If you have tears, shed them in rage
This is the longest post (by a mile) you'll ever read on this blog, and maybe the most important. I'm going to take you through a few links (we're creating a new form here, the blogumentary), so you can get the full picture, and then let you read a piece that will break your heart, and hopefully, arm you with the rage that should never leave us--the rage against those fellow humans who, thinking they make the world a better place, make it worse.
First, this news story.
"As a 13-year-old Palm Beach County girl prepared this week to end a pregnancy she says she does not want, the Florida Department of Children and Families went to court to stop her from having the abortion. The American Civil Liberties Union challenged the state's position.
The girl, identified only as L.G., lives in a shelter for abused and neglected teens and found out two weeks ago during a doctor's appointment that she is pregnant. Soon after, she told her DCF caseworker in Palm Beach County that she wanted an abortion. The caseworker scheduled an appointment for the girl to have an abortion Tuesday and planned to drive her to the office. On the same day, lawyers for DCF filed an emergency motion to stop L.G. from terminating her pregnancy.

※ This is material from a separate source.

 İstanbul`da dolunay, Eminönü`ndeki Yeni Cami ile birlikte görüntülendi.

In a hearing that day before Juvenile Court Judge Ronald Alvarez, the state said the girl was not able to make an informed decision because of her age and immaturity. Alvarez agreed to delay the abortion until the court could give L.G. a psychological evaluation to find out whether an abortion could cause her emotional harm. The judge also wanted the court to determine whether the girl would face medical risks in terminating the pregnancy or carrying the baby to term.
Under Florida law, a 13-year-old can have an abortion without her parents knowing or agreeing.

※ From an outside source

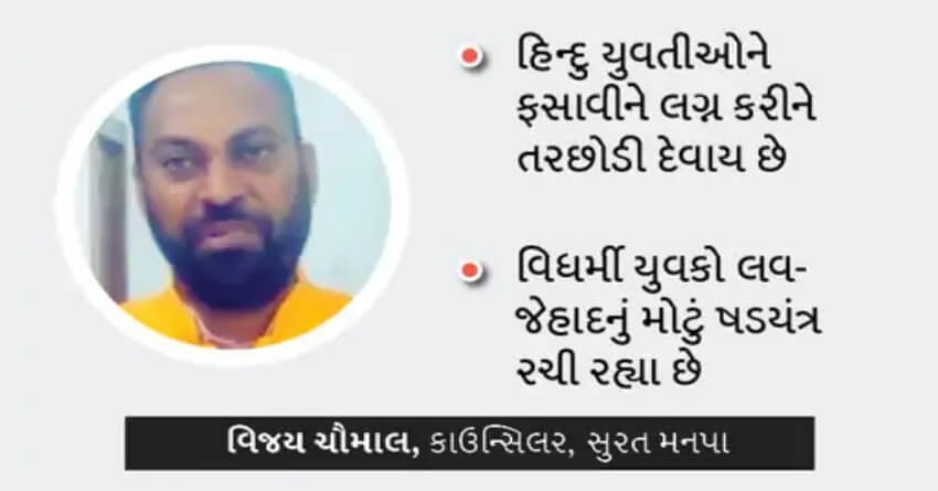 ભાજપના સુરતના કોર્પોરેટર વિજય ચૌમાલ દ્વારા માંગ કરવામાં આવી રહી છે કે, વિધર્મીઓ સામે હવે સરકારે કડક હાથે કામગીરી કરવી જોઈએ. તેમણે કેટલાક મહત્વના પ્રશ્નો ઉભા કર્યા છે. કેટલાક વિસ્તારોમાં વિધર્મી યુવકો લવજેહાદનો મોટું ષડયંત્ર રચી રહ્યા છે, તો લેન્ડ જેહાદને લઈને પણ કિસ્સાઓ સામે આવ્યા હોવાનું તેમણે સ્વીકાર્યું હતું. તેમણે મુસ્લિમ યુવાનોની માનસિકતાના મૂળમાં જવા માટેનો પ્રયાસ કરવા માટે હાકલ કરી છે. કિશન ભરવાડની હત્યા હોય કે, કમલેશ તિવારી હત્યા હોય આ પ્રકારના ષડયંત્રો ખૂબ જ ગંભીર બાબત ગણી શકાય.

In 1988 and 1999, Florida tried to pass laws requiring minors to get their parents' permission to have an abortion. The Florida Supreme Court struck both down as unconstitutional.

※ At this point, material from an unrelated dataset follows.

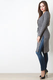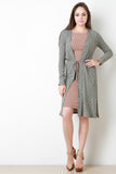 This cardigan features a marled rib knit fabrication, open front, self tie string belt, center back box pleat, long sleeves, knee length hemline, and double side slits. Accessories sold separately. Made in U.S.A. 57% Rayon, 40% Polyester, 3% Spandex.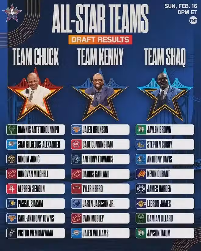 全明星正賽有四支球隊,外一支是新秀賽的冠軍。四支球隊打淘汰賽,包括兩場半決賽和一場決賽,每場都是先超過40分的隊伍獲勝!奧尼爾隊星光熠熠:詹姆斯、庫里、濃眉、塔圖姆、杜蘭特、利拉德、哈登、杰倫-布朗。

Because L.G. was abused or neglected, she has no legal parents but the state. But even as her custodian, the state has no more right to stop her decision than her parents would, the ACLU said. The ACLU asked the courts to act quickly. As she moves into the third month of her pregnancy, the abortion will become more risky. The state should be more concerned with how L.G. was able to get pregnant in state care. However it happened, "forcing a 13-year-old to carry an unwanted pregnancy to term ... is just plain cruel. This is what you get when ideology dictates child welfare decisions."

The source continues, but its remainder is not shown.